In January, Kinder Morgan began full service on its Permian Highway Pipeline, a 430-mile (692-km) system that transports up to 2.1 Bcf/d (59 MMcm/d) of natural gas from the Waha area in Texas to U.S. Gulf Coast and Mexico markets. It is fully subscribed under long-term, binding agreements.  

Kinder Morgan Texas Pipeline LLC owns a 26.7% interest in Permian Highway Pipeline and operates the pipeline. Other equity holders include Altus Midstream, EagleClaw Midstream and an affiliate of an anchor shipper. 

“We believe that the Permian Basin will remain an important supply basin for decades, and our strong network of pipelines provides the ability to connect this supply to critical markets along the Gulf Coast,” Kinder Morgan Natural Gas Midstream President Sital Mody said. 

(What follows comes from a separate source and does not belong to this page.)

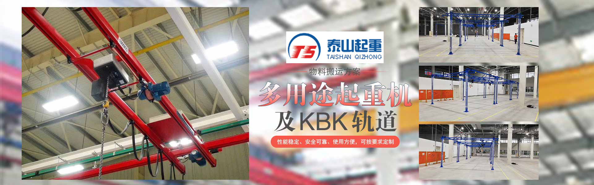 江陰市泰山起重設備有限公司座落在富庶的現代化港口城市——江陰市南閘鎮工業園區,緊靠錫澄高速,錫澄路,北依江陰港區,貫通滬寧高速的世界第四、中國第一的江陰長江大橋,穿越而過,飛架南北,高速至上海虹橋機場僅2小時,南又緊靠正在建設中的無錫國際機場,交通便捷,環境優美。  本公司專業為壁行式懸臂起重機、KBK軌道,鋼絲繩電動葫蘆、環鏈葫蘆、KBK組件,梁式起重機、電動旋臂起重機等配套起重機械配件,主要產品有:KBK軌道,梁吊掛裝置、環鏈葫蘆,KBK組件,手動式小車、行車走輪、電纜滑車等起重機配件,同時可提供起重設備的安裝、維修、為客戶提供全方位的技術咨詢等各項服務。  公司的管理將“以人為本”作為宗···...
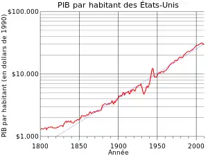En 1913, le PIB/hab français était de 3 485 dollars internationaux (base 1990)[18]. En 1998, il était de 19 558 $. Le taux de croissance moyen du PIB/hab était donc de 2,0 % sur cette période. S'il avait été de 1,0 %, le niveau de vie aurait été de 8 200 $ en 1998, soit un peu moins que le niveau de vie réel de l'Uruguay (8 314 $).

Kinder Morgan was evaluating the potential construction of Permian Pass Pipeline from the Permian Basin to the Southeast Texas/Louisiana market but postponed the project last year as market conditions changed. The Houston-based company thinks there may be sufficient demand for the project around mid-decade. 

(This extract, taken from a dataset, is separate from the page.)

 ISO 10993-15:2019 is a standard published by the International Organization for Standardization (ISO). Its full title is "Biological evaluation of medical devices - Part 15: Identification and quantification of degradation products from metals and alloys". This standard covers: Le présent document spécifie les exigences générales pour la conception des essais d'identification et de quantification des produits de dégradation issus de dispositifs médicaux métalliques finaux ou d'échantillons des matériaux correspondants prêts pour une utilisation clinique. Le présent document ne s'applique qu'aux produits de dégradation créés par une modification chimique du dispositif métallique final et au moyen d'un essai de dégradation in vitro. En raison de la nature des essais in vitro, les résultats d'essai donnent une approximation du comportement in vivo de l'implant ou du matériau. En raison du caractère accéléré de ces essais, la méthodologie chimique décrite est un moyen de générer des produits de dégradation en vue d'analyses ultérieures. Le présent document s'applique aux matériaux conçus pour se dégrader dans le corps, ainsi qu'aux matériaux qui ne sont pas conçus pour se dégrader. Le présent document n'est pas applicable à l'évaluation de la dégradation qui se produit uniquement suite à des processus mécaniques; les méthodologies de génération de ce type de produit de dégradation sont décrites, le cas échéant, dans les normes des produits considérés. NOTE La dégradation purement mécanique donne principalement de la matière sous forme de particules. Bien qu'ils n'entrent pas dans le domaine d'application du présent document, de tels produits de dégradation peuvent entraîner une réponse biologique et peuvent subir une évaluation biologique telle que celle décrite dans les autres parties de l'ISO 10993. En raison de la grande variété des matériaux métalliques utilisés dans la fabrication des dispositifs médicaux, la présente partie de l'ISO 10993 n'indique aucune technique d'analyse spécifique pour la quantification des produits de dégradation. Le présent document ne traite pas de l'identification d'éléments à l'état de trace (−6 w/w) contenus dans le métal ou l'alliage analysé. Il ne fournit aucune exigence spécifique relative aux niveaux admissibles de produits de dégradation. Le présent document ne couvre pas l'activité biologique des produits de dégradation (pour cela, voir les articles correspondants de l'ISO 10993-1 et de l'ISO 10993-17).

“The real winner in all of the gas pipeline projects is Kinder Morgan,” said East Daley’s Smith. “They were able to integrate those two big pipeline expansions with intrastate pipelines along the Texas Gulf Coast. So, they have vertical integration on both sides of the pipe. 

Whistler Pipeline is the latest major project completed in the Permian. The 450-mile, 42-inch natural gas pipeline began full commercial service to Texas Gulf Coast markets on July 1. The project stretches from the Waha Header near Midland to the Agua Dulce near Corpus Christi and includes a 50-mile (80-km), 36-inch lateral for connectivity to the Midland Basin. 

It is owned by a consortium of MPLS, WhiteWater Midstream and a JV between Stonepeak Infrastructure Partners and West Texas Gas. 

Perking Up 

Oil and gas production in the Permian has continued to recover through 2021, and some analysts believe it may fully recover from the pandemic by next year.  

Active rigs in the Permian Basin had climbed to 253 rigs by mid-2021, representing nearly half of the rigs operating in the United States, according to Enverus. 

Analytics firm GlobalData noted that Permian oil production had climbed to 4.6 MMbpd by August of this year and is projected to surpass 4.9 MMbpd by mid-2022. That compares with 4.8 MMbpd of Permian production in February 2020, before the COVID-19 crisis struck the United States. 

With major pipeline projects completed and a significant oversupply of crude oil transportation available, it appears the greater opportunity for midstream growth in the Permian will be in natural gas. But the outlook is still hazy. 

Natural gas pipeline rates have weathered the downturn better than crude, but that may partly reflect their typically longer contract terms. 

“Most of the contracts for natural gas pipelines like Gulf Coast Express, for example, are 10-year contracts, but you tend to see shorter terms of 3 to 5 years on the crude side,” said Smith. “So, we haven’t seen much movement on the gas pipeline rates.”